Baltic Reserves Market: Latvian Firm Fuels Price Surge | News

by Mark Thompson

Baltic Power Market Faces Scrutiny Amidst Anomalous Price Spikes

Electricity prices on the newly established Baltic frequency reserves market have experienced dramatic and unusual fluctuations, prompting investigations into potential market manipulation. The price volatility, observed across Estonia, Latvia, and Lithuania, comes just months after the region launched a joint market aimed at stabilizing power grids following disconnection from the Russian grid.

New Market, Familiar Concerns

The joint Baltic frequency reserves market, launched in February, was designed to ensure a consistent balance between electricity production and consumption. However, recent price spikes – ranging from negative values to several thousand euros per megawatt-hour – have raised concerns among system operators and market participants. A spokesperson for Elering, the Estonian system operator, stated on Thursday that the price surges stemmed from frequency reserve offers originating in Latvia, with prices “increasing significantly” in recent days.

Investigation Launched into Latvian Bids

Elering is actively collaborating with Latvia’s system operator, AST, and has contacted the market participant responsible for the high bids. According to officials, all market offers must adhere to competition rules, and the Latvian energy market regulator is assessing the Latvian participant’s compliance.

“There seem to be sufficient offers on the market, but apparently not all of them can be used, for technical reasons, while one small Latvian bidder with high prices has been activated who is constantly raising the prices of their bids,” noted a partner at trading company Baltic Energy Partners. “In this case, it may also be a matter of market manipulation, and the Latvian competition authority should investigate whether making bids in this way is justified.”

Reserves Available, But Market Transparency Lacking

Despite the price spikes, initial assessments suggest no actual shortage of frequency reserves. A project manager for energy storage at renewables producer Sunly, told an energy publication that hundreds of megawatts of capacity remained available during the periods of high prices. However, the expert cautioned against speculation regarding bidding strategies.

The market’s immaturity and lack of transparency are also contributing factors. “And prices depend too much on the decisions and reactions of system operators and regulators, which do not seem fast enough given the rapid changes in market situations,” one analyst observed.

Impact on Consumers and Producers

The increased costs of maintaining grid balance will likely be passed on to consumers through higher electricity prices. This will increase costs for electricity buyers and reduce revenues for producers. The recent fluctuations, including a negative price of -€4.473 per megawatt-hour on Sunday and a spike to €9.976 per megawatt-hour on Monday evening, are far outside the typical range of +1000 to -1000 euros for manually activated frequency restoration reserves (mFRR).

Regulatory Response and Jurisdictional Issues

The Estonian Competition Authority clarified that investigations into potential market manipulation will be led by the regulatory authority in the country where the manipulation occurs – in this case, Latvia.
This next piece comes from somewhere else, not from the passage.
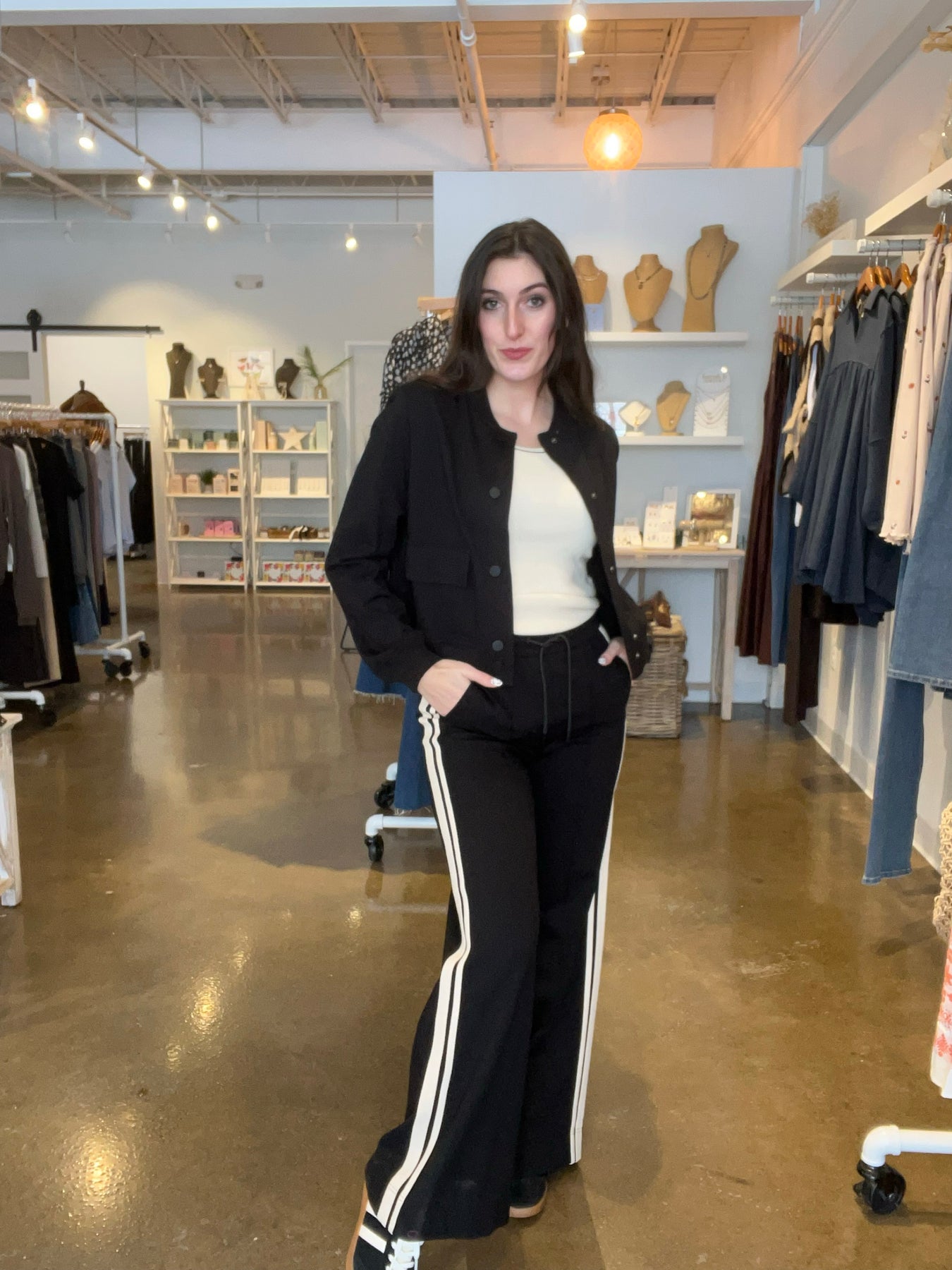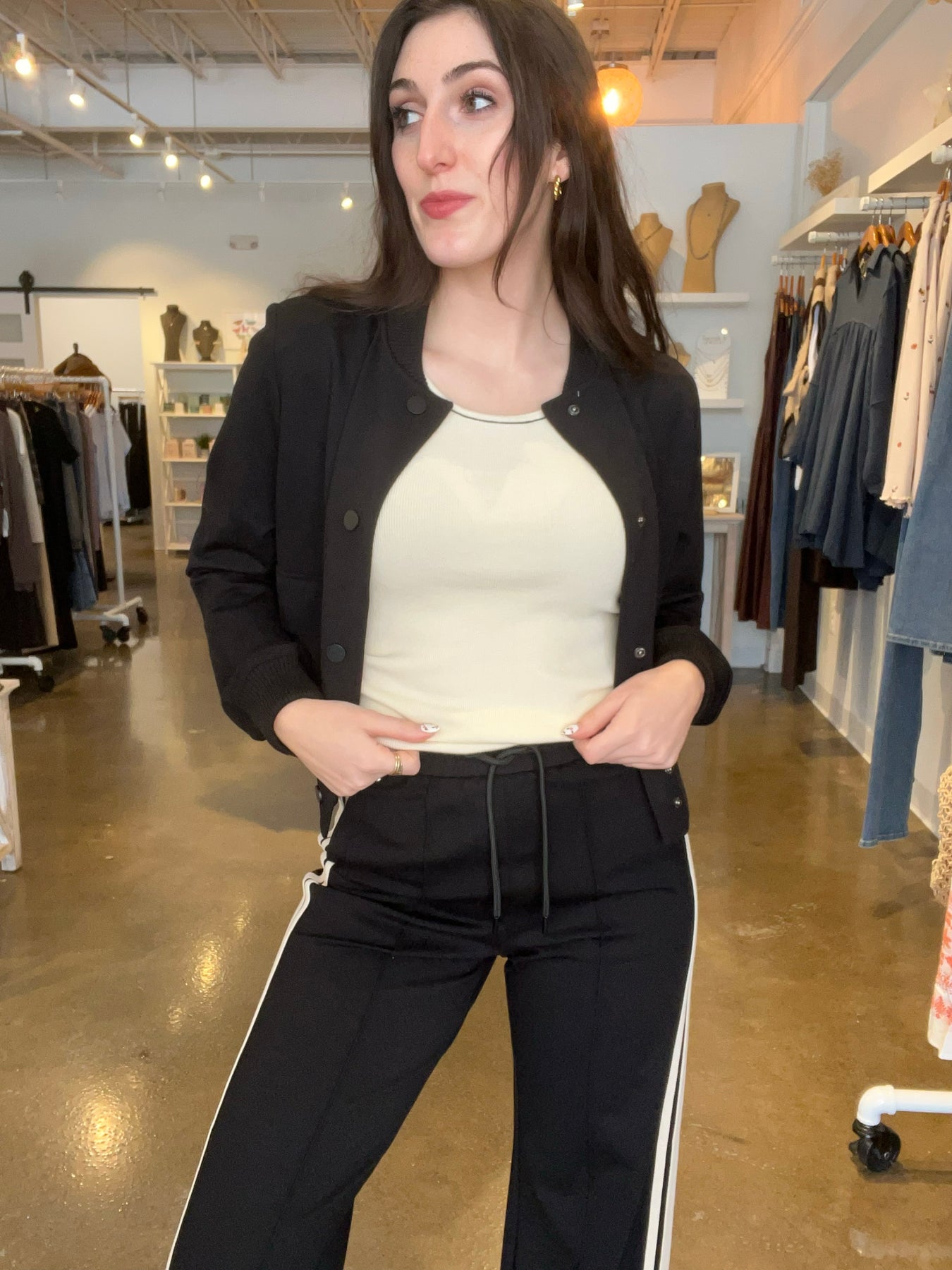 Elevated track pant in Black with cream striping down the pant leg. Elastic drawstring waist, seam down the front of pant leg, front slant pockets and back pockets. Paired with the Classy Bomber Black jacket makes it a great travel set. Fabric content: 67% rayon 28% nylon 5% spandex

However, the authority emphasized its ongoing cooperation with Latvian and Lithuanian counterparts.

“In supervisory activities and in detecting market manipulation, we actively cooperate with both Latvia, Lithuania, and the cooperation agency of regulatory authorities in the energy sector,” said an advisor at the Estonian Competition Authority’s energy markets department. The authority refrained from commenting on specific ongoing investigations.

Understanding Frequency Reserves

Frequency reserves are essential power plants and storage facilities that respond rapidly to imbalances in the power grid, such as unexpected plant outages. These reserves maintain the critical 50-hertz frequency. Up-regulation occurs when production falls short, prompting the system operator to activate bids to increase output. Conversely, down-regulation addresses excess production, with the operator activating bids to reduce output. Negative pricing indicates that surplus electricity is so abundant that parties must pay to consume it.

The launch of the joint Baltic market followed the region’s disconnection from the Russian grid in early February, marking a significant step towards energy independence. However, these recent price anomalies underscore the challenges of establishing a stable and transparent market in a rapidly evolving energy landscape.